As speech processing devices like mobile phones, voice controlled devices, and hearing aids have increased in popularity, people expect them to work anywhere and at any time without user intervention. However, the presence of acoustical disturbances limits the use of these applications, degrades their performance, or causes the user difficulties in understanding the conversation or appreciating the device. A common way to reduce the effects of such disturbances is through the use of single-microphone noise reduction algorithms for speech enhancement.

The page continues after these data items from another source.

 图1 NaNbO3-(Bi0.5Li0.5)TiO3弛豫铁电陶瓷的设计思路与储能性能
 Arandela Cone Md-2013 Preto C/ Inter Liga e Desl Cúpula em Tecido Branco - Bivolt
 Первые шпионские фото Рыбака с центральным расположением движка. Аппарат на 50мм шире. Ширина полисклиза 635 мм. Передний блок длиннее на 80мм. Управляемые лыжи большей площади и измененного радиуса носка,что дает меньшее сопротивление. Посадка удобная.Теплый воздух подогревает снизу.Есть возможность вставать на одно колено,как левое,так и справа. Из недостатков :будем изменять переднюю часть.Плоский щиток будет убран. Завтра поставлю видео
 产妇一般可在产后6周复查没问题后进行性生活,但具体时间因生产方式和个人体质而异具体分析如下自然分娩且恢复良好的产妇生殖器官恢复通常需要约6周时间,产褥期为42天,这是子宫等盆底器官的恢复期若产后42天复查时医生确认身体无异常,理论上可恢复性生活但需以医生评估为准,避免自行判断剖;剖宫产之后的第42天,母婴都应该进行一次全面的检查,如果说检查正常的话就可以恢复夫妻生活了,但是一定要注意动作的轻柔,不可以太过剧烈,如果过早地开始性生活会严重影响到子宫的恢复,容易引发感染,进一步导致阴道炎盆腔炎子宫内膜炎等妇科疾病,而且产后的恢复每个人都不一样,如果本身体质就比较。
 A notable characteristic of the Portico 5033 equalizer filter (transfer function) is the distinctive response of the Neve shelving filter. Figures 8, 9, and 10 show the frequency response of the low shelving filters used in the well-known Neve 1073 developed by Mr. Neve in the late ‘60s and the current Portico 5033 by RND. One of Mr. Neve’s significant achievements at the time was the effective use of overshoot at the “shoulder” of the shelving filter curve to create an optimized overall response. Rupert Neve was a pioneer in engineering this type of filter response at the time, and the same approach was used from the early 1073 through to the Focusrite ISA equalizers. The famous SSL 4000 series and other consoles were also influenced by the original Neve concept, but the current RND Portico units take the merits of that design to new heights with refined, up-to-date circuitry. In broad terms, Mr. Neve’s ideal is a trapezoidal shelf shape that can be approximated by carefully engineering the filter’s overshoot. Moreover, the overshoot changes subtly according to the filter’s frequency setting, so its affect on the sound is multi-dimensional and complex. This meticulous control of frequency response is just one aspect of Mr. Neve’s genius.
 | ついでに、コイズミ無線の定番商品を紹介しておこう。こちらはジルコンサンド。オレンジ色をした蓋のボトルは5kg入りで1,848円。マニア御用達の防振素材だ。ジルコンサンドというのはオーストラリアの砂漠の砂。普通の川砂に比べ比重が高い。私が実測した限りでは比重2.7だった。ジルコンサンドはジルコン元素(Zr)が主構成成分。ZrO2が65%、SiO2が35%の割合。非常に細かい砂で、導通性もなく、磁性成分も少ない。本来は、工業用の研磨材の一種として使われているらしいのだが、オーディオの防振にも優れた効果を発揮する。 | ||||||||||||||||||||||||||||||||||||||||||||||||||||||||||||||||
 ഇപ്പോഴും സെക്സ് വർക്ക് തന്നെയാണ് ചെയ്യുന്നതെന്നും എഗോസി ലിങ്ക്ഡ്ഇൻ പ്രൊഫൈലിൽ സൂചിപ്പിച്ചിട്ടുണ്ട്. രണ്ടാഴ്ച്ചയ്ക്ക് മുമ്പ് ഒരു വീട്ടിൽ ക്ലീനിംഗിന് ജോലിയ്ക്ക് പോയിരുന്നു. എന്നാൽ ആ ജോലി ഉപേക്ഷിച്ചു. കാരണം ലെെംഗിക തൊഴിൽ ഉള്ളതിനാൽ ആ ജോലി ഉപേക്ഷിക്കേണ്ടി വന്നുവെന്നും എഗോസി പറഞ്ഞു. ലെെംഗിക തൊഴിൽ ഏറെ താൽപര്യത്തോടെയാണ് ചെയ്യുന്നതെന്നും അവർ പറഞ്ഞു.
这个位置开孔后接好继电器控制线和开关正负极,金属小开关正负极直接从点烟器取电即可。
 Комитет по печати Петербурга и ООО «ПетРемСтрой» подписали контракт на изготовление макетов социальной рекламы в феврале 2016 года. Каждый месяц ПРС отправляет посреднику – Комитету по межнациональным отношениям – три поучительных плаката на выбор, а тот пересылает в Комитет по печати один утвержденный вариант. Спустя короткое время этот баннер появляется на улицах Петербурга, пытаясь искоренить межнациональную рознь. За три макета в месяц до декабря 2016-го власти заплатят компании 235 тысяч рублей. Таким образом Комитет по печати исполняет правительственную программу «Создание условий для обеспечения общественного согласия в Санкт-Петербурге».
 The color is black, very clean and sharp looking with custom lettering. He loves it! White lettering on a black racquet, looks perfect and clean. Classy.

The field of single-microphone noise reduction for speech enhancement comprises a history of more than 30 years of research. In this survey, we wish to demonstrate the significant advances that have been made during the last decade in the field of discrete Fourier transform domain-based single-channel noise reduction for speech enhancement.Furthermore, our goal is to provide a concise description of a state-of-the-art speech enhancement system, and demonstrate the relative importance of the various building blocks of such a system. This allows the non-expert DSP practitioner to judge the relevance of each building block and to implement a close-to-optimal enhancement system for the particular application at hand.
Table of Contents
Single Channel Speech Enhancement: General Principles
DFT-Based Speech Enhancement Methods: Signal Model and Notation
Speech DFT Estimators
Speech Presence Probability Estimation
Noise PSD Estimation
Speech PSD Estimation
Performance Evaluation Methods
Simulation Experiments with Single-Channel Enhancement Systems
About the Author(s)Richard C. Hendriks
, Delft University of Technology, The Netherlands
Dr. ir. Richard C. Hendriks obtained his M.Sc. and Ph. D. degrees (both cum laude) in electrical engineering from Delft University of Technology, Delft, The Netherlands, in 2003 and 2008, respectively. From 2003 till 2007 he was a Ph.D. researcher at Delft University of Technology, Delft, The Netherlands. From 2007 till 2010 he was a postdoctoral researcher at Delft University of Technology. Since 2010 he is an assistant professor in the Signal and Information Processing Lab of the faculty of Electrical Engineering, Mathematics and Computer Science at Delft University of Technology. In the autumn of 2005, he was a Visiting Researcher at the Institute of Communication Acoustics, Ruhr-University Bochum, Bochum, Germany. From March 2008 till March 2009 he was a visiting researcher at Oticon A/S, Copenhagen, Denmark. His main research interests are digital speech and audio processing, including single-channel and multi-channel acoustical noise reduction, speech enhancement and intelligibility improvement.Timo Gerkmann
, University of Oldenburg, Germany
Prof. Dr.-Ing. Timo Gerkmann studied electrical engineering at the universities of Bremen and Bochum, Germany. He received his Dipl.-Ing. degree in 2004 and his Dr.-Ing. degree in 2010 both at the Institute of Communication Acoustics (IKA) at the Ruhr- Universitat Bochum, Bochum, Germany. From January 2005 to July 2005 he was with Siemens Corporate Research in Princeton, NJ, USA. In 2011 he was a postdoctoral researcher at the Sound and Image Processing Lab at the Royal Institute of Technology (KTH), Stockholm, Sweden. Since December 2011 he heads the Speech Signal Processing Group at the Universitat Oldenburg, Oldenburg, Germany. His main research interests are on speech enhancement algorithms and modeling of speech signals.Jesper Jensen
, Aalborg University and Oticon A/S, Denmark
Jesper Jensen received the M.Sc. degree in electrical engineering and the Ph.D. degree in signal processing from Aalborg University, Aalborg, Denmark, in 1996 and 2000, respectively. From 1996 to 2000, he was with the Center for Person Kommunikation (CPK), Aalborg University, as a Ph.D. student and Assistant Research Professor. From 2000 to 2007, he was a Post-Doctoral Researcher and Assistant Professor with Delft University of Technology, Delft, The Netherlands, and an External Associate Professor with Aalborg University. Currently, he is a Senior Researcher with Oticon A/S, Copenhagen, Denmark, where his main responsibility is scouting and development of new signal processing concepts for hearing aid applications. He is also a Professor with the Section for Multimedia Information and Signal Processing (MISP), Department of Electronic Systems at Aalborg University, Denmark. His main interests are in the area of acoustic signal processing, including signal retrieval from noisy observations, coding, speech and audio modification and synthesis, intelligibility enhancement of speech signals, signal processing for hearing aid applications, and perceptual aspects of signal processing.